(Records for this task begins)
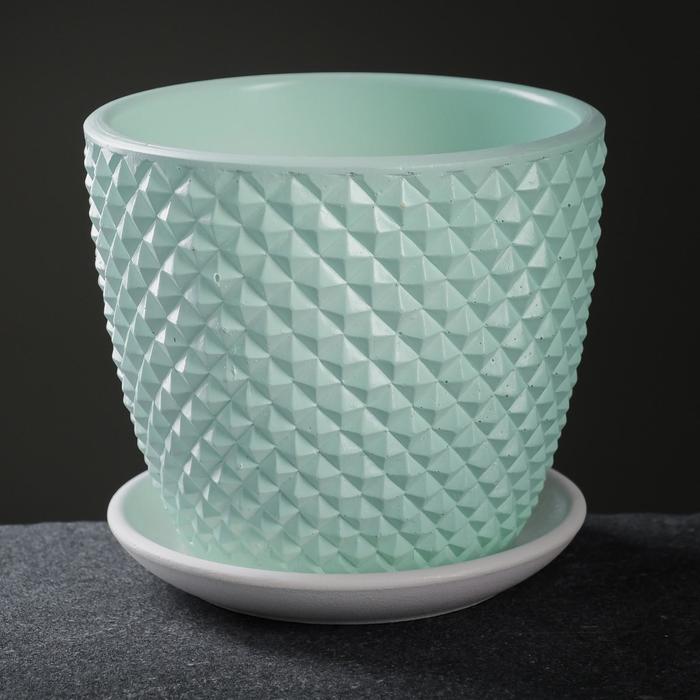 Кашпо бетон Бутон Грань 2,15л d верха 175мм h152мм с поддоном Зеленый №3 КБ-Б3-217-01 *8
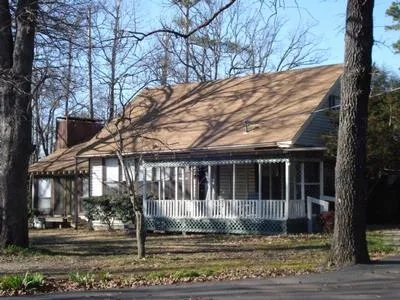 Tall windows adorn this bright 3/3/2 Carport one and one half story home on 2 wooded fenced acres. Beautiful hardwood floors, carpet and tile. Family room with a gas log fireplace that can be easily converted to wood burning, french doors and a full bath. Tile countertops in kitchen, tiled island with cooktop, plenty of cabinet space, all appliances stay. Living room has gas log fireplace, area for large screen TV. Office area with desk and bookcase, upstairs bedroom with a sitting area and large bathroom with a garden tub and sitting area. Paved driveway, 2 car detached carport, corner property is totally fenced with gate.Well maintained home and property.
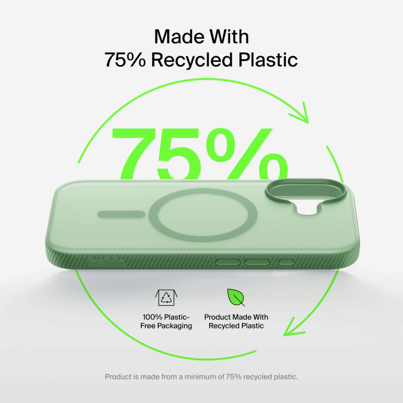 Чохол Belkin Grip Series для iPhone 17 (MSA034HQSE, Sage) — стильний захист із протиковзною текстурою, сумісністю з MagSafe і захистом від падінь до 2 м. Ідеальний для тих, хто цінує естетику та надійність.
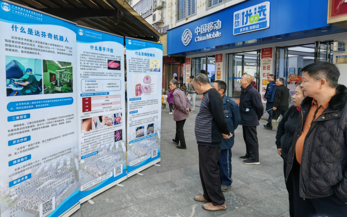 胸外科主任、主任医师熊荣生表示,定期进行肺部CT检查是早期发现肺癌的关键。吸烟是导致肺癌的主要危险因素之一,熊荣生呼吁广大群众积极戒烟,并避免长期接触有害气体和粉尘。此外,长期患有慢性肺部疾病、职业暴露以及家族遗传等因素也可能增加患肺癌的风险。在活动中,不少群众驻足在肺结节、达芬奇手术机器人等宣传栏前浏览观看。医疗小组还向当地群众免费发放卫生防病知识宣传手册和药品,积极引导他们养成健康的生活习惯,让群众在家门口就能享受三甲医院的优质医疗护理服务,获得当地群众的一致好评。
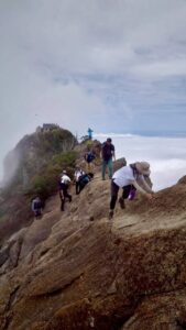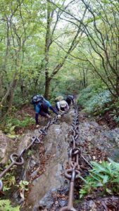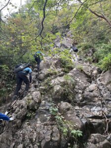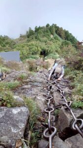 梅田さんを先頭に、クライミングはお手のもの岡本さん、高所へちゃらな小寺さん、スポーツ万能な青竹さん、みんな躊躇することなく慣れた動きで登っていく、流石です。最後尾にへっぽこな私が続く。朝露のせいか、鎖が濡れていて冷たくあまり気持ちよくない。足が置ける石をみつけ、タオルで手をふきふき鎖の輪の部分をしっかり握って、ガシガシ登ってゆきます。
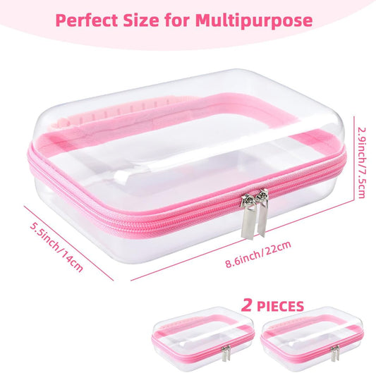 SameTech Zippered Hard Pouch, 2pcs Clear Plastic Storage Box Containers Small Toiletry Bag, Clear Hard Zipper Case for Small Items, Toys, Building Blocks, Puzzles, Cosmetics, Stationery Accessories
(Records for this task ends)
> Requirement
Set down again, exactly, the lines of the material above from its first line to the one with "梅田さんを先頭に、クライミン", inclusive. Leave the pictures out.

> Answer box
 Кашпо бетон Бутон Грань 2,15л d верха 175мм h152мм с поддоном Зеленый №3 КБ-Б3-217-01 *8
 Tall windows adorn this bright 3/3/2 Carport one and one half story home on 2 wooded fenced acres. Beautiful hardwood floors, carpet and tile. Family room with a gas log fireplace that can be easily converted to wood burning, french doors and a full bath. Tile countertops in kitchen, tiled island with cooktop, plenty of cabinet space, all appliances stay. Living room has gas log fireplace, area for large screen TV. Office area with desk and bookcase, upstairs bedroom with a sitting area and large bathroom with a garden tub and sitting area. Paved driveway, 2 car detached carport, corner property is totally fenced with gate.Well maintained home and property.
 Чохол Belkin Grip Series для iPhone 17 (MSA034HQSE, Sage) — стильний захист із протиковзною текстурою, сумісністю з MagSafe і захистом від падінь до 2 м. Ідеальний для тих, хто цінує естетику та надійність.
 胸外科主任、主任医师熊荣生表示,定期进行肺部CT检查是早期发现肺癌的关键。吸烟是导致肺癌的主要危险因素之一,熊荣生呼吁广大群众积极戒烟,并避免长期接触有害气体和粉尘。此外,长期患有慢性肺部疾病、职业暴露以及家族遗传等因素也可能增加患肺癌的风险。在活动中,不少群众驻足在肺结节、达芬奇手术机器人等宣传栏前浏览观看。医疗小组还向当地群众免费发放卫生防病知识宣传手册和药品,积极引导他们养成健康的生活习惯,让群众在家门口就能享受三甲医院的优质医疗护理服务,获得当地群众的一致好评。
 梅田さんを先頭に、クライミングはお手のもの岡本さん、高所へちゃらな小寺さん、スポーツ万能な青竹さん、みんな躊躇することなく慣れた動きで登っていく、流石です。最後尾にへっぽこな私が続く。朝露のせいか、鎖が濡れていて冷たくあまり気持ちよくない。足が置ける石をみつけ、タオルで手をふきふき鎖の輪の部分をしっかり握って、ガシガシ登ってゆきます。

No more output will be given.